Это – в части наступления. Для апологии была одолжена и переиначена поношенная фигура из Екклесиаста: время отбирать музыку у комиссаров, и время возвращать ей ее изначальную коммуникативность, ибо европейская музыка сложилась в гуманистической традиции, всегда признававшей загадку человеческой природы; время признать, что публичное исполнение есть «секулярное причастие», и время осознать главенство ритма и тона и стихийную природу мелодии. Чтобы достичь этого, не просто повторяя музыку прошлого, мы должны выработать современное определение прекрасного, а это, в свою очередь, невозможно без постижения «фундаментальной истины». Тут Клайв смело позаимствовал из неопубликованных и весьма умозрительных эссе одного из коллег Наума Хомского,[11] – прочел он их на отдыхе, в доме автора на Кейп-Коде: наша способность «расшифровывать» ритмы, мелодии и приятные гармонии, как и наша, лишь человеку присущая, способность учиться языку, задана генетически. Эти три элемента были обнаружены антропологами во всех музыкальных культурах.
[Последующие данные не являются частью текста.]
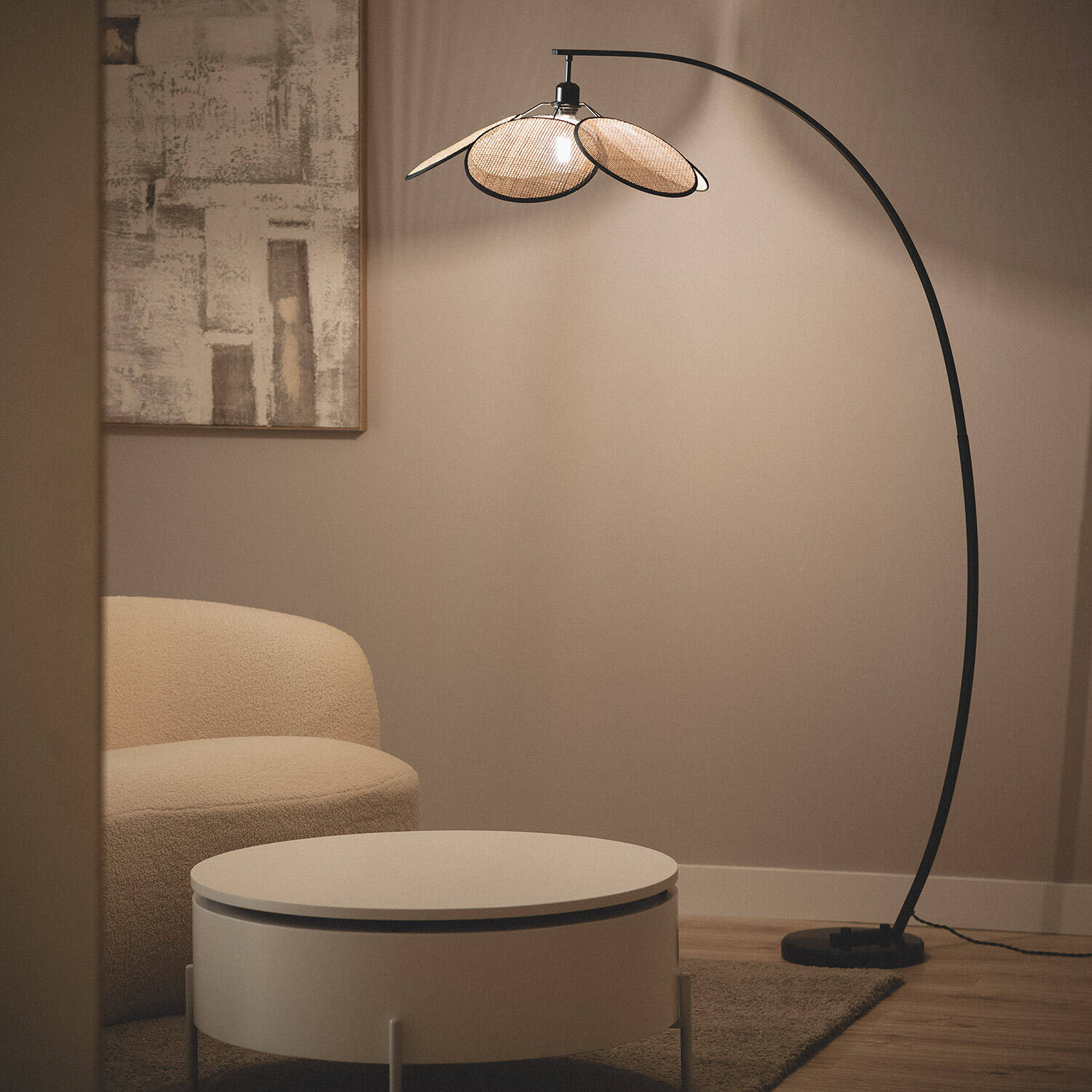 La lámpara de pie Ratán Arco Nirvana combina diseño y funcionalidad con un estilo natural y elegante. Su estructura arqueada en negro contrasta con la pantalla de ratán en forma de pétalos, creando un ambiente cálido y acogedor en cualquier estancia interior. Cuenta con un casquillo E27 para bombillas de hasta 20W, no incluidas, y un práctico interruptor que facilita su uso. Perfecta para salones o rincones de lectura, esta lámpara destaca por su acabado artesanal y su resistencia, con certificaciones CE, RoHS y UKCA. Su protección IP20 y clase de aislamiento II garantizan seguridad y durabilidad, respaldada por una garantía de 3 años. Un toque natural y sofisticado para tu hogar.

Гармонический слух предусмотрен конструкцией нашего организма. (Кроме того, вне окружающего гармонического контекста дисгармония сама по себе бессмысленна и неинтересна.) Восприятие мелодической линии – сложный психический акт; но его выполняет даже дитя; мы рождаемся с этой наследственностью, мы – Homo musicus;[12] поэтому определение прекрасного в музыке должно влечь за собой определение природы человека, что возвращает нас к гуманитарным наукам и проблеме коммуникации…
«Вспомнить прекрасное» Клайва Линли была выпущена в свет к премьере его «Симфонических дервишей для струнных виртуозов». Каскады блестящей полифонии и гипнотически скорбное интермеццо, вызвавшие равное количество восторгов и отвращения, закрепили его репутацию и обеспечили книге хорошую продажу.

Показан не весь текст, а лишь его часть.